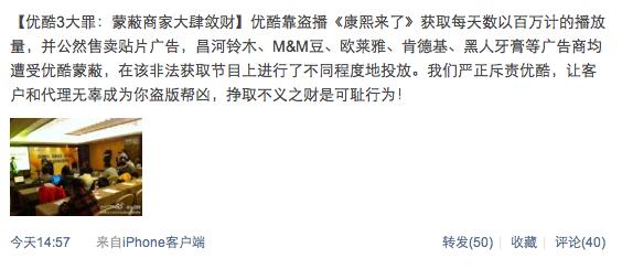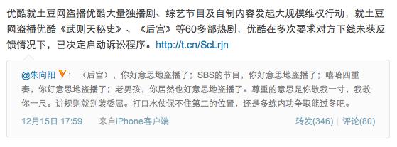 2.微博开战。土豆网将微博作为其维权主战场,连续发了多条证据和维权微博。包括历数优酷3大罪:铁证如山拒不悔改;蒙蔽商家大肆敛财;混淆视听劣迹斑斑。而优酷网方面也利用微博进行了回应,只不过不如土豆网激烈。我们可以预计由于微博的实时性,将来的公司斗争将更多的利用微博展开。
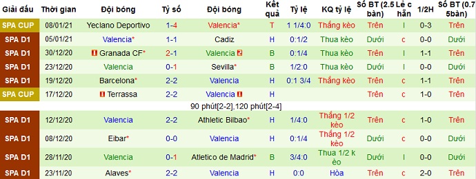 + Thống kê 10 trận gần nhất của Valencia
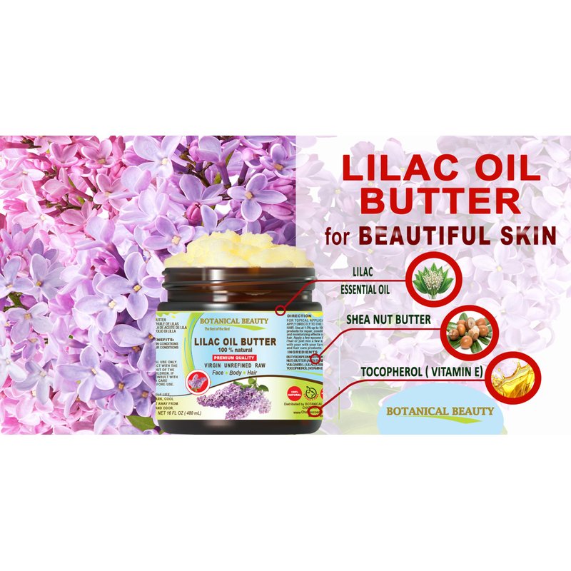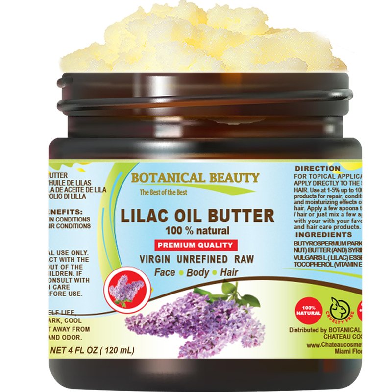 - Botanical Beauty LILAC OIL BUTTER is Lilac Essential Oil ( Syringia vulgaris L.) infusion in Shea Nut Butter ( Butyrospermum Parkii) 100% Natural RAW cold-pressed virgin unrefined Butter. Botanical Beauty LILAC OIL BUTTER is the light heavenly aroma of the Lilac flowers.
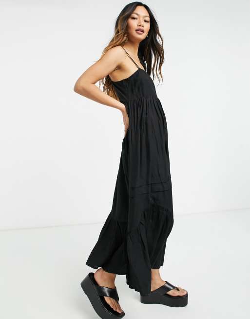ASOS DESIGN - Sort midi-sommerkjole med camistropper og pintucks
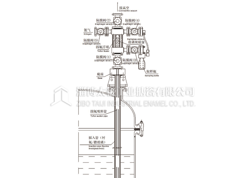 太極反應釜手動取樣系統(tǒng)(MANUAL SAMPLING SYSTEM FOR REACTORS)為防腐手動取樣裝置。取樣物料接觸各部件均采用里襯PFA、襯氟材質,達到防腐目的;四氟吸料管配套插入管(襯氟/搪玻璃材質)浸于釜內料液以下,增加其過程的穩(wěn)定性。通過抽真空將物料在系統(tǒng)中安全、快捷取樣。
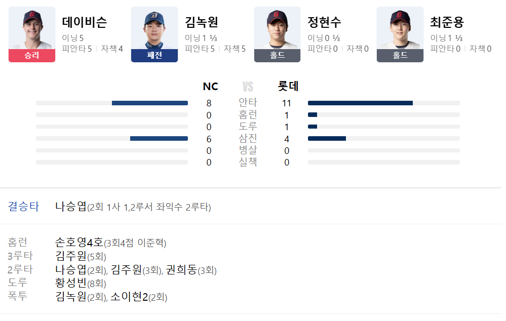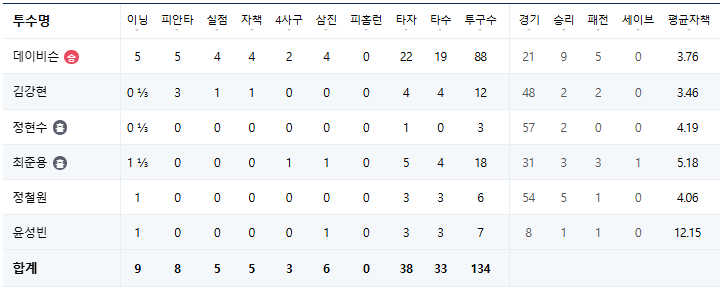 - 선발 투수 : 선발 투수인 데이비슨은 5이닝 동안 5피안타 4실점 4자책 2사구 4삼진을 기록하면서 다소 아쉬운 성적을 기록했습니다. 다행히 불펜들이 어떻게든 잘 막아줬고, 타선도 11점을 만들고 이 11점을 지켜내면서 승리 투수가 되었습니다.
========================================================================
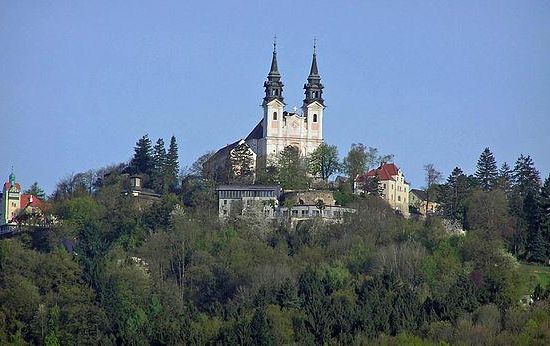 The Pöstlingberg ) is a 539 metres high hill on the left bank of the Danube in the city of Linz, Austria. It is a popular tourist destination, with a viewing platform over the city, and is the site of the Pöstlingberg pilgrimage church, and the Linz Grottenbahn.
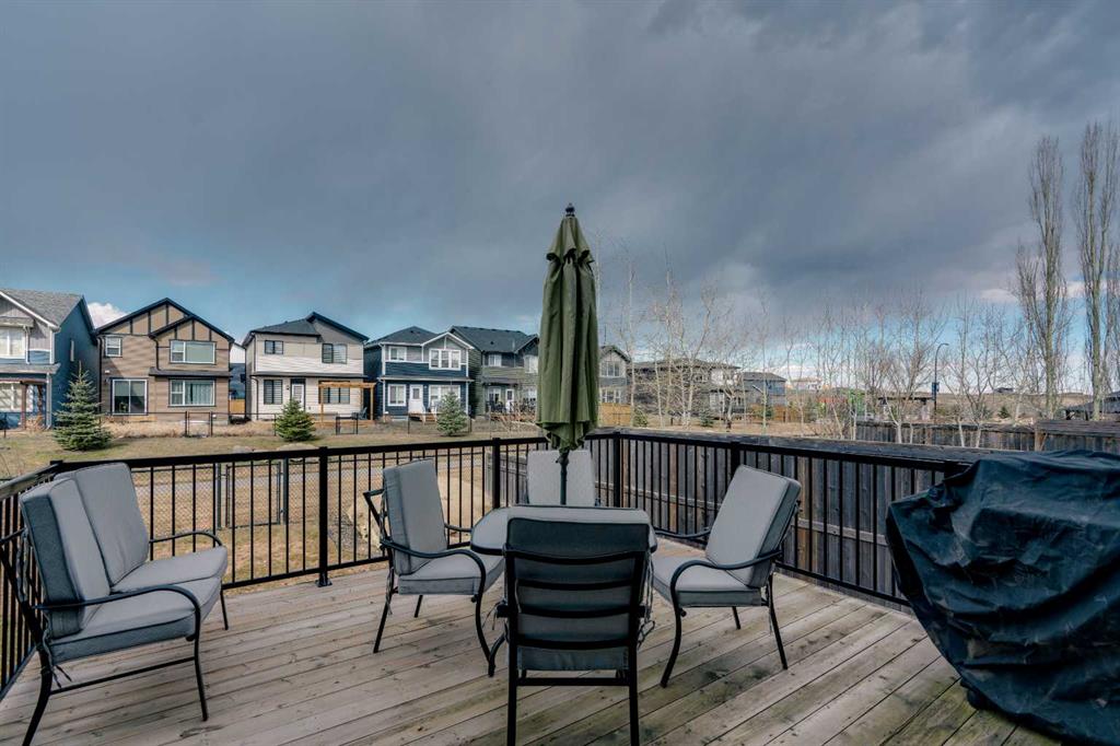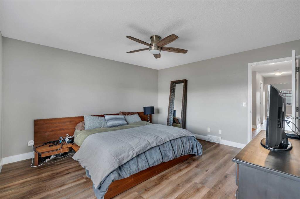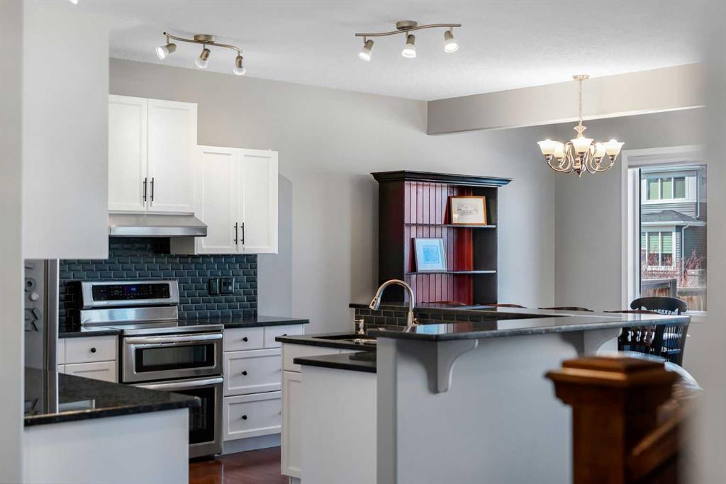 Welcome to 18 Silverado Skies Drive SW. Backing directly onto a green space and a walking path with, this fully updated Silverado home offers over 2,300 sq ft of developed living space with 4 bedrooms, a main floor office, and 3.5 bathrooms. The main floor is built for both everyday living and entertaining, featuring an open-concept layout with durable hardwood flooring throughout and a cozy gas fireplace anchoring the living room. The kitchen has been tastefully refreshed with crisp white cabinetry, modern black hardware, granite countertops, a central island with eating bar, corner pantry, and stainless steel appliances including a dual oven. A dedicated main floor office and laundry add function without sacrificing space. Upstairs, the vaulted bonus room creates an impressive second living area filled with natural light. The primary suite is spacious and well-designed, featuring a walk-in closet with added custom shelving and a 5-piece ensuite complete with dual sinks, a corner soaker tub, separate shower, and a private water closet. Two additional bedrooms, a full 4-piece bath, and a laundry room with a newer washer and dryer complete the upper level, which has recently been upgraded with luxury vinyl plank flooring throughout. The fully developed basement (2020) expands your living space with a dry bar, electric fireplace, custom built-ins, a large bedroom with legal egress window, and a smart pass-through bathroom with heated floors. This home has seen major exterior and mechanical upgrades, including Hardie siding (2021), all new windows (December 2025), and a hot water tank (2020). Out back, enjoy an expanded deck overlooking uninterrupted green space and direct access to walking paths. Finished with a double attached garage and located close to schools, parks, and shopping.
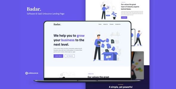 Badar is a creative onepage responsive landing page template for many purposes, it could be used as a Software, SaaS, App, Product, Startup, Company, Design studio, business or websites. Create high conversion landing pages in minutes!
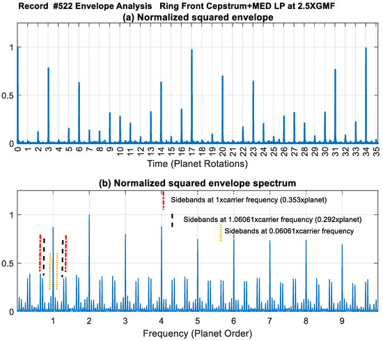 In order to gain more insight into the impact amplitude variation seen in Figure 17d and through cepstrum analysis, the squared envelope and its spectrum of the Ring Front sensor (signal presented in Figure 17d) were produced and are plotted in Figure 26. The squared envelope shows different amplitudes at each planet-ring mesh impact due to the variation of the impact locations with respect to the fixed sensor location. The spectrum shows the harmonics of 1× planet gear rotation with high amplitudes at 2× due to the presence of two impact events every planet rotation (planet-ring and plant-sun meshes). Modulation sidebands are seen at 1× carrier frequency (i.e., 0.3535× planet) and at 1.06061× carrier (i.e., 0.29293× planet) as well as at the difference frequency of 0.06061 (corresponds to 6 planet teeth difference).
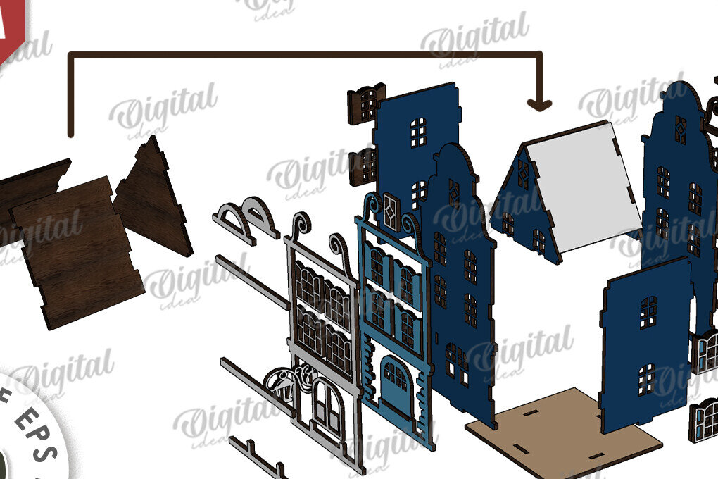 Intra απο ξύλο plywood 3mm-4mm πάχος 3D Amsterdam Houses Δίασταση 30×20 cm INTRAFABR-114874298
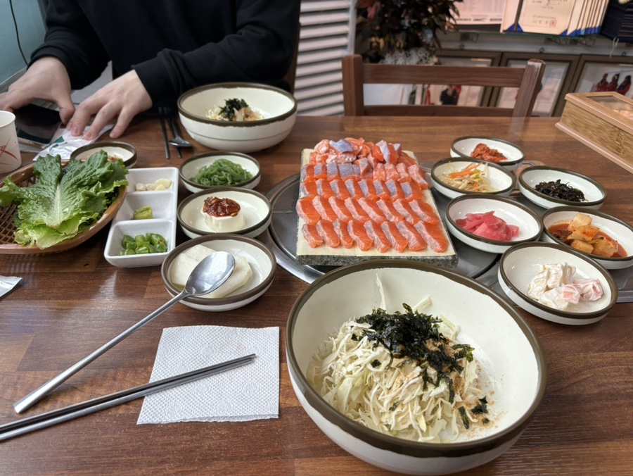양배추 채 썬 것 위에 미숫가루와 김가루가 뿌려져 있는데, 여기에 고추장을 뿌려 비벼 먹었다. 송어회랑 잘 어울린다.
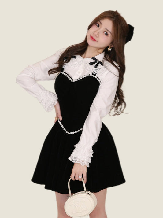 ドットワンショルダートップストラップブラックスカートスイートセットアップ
========================================================================
> **Task to carry out**: From the entries above, copy exactly the lines starting at the one with "太極反應釜手動取樣系統(tǒng)(MANUAL SAMPLING SYSTEM" and stopping at the one with "- 선발 투수 : 선발", keeping both ends. Drop the pictures.

> **Solution for this problem**:
 太極反應釜手動取樣系統(tǒng)(MANUAL SAMPLING SYSTEM FOR REACTORS)為防腐手動取樣裝置。取樣物料接觸各部件均采用里襯PFA、襯氟材質,達到防腐目的;四氟吸料管配套插入管(襯氟/搪玻璃材質)浸于釜內料液以下,增加其過程的穩(wěn)定性。通過抽真空將物料在系統(tǒng)中安全、快捷取樣。
 - 선발 투수 : 선발 투수인 데이비슨은 5이닝 동안 5피안타 4실점 4자책 2사구 4삼진을 기록하면서 다소 아쉬운 성적을 기록했습니다. 다행히 불펜들이 어떻게든 잘 막아줬고, 타선도 11점을 만들고 이 11점을 지켜내면서 승리 투수가 되었습니다.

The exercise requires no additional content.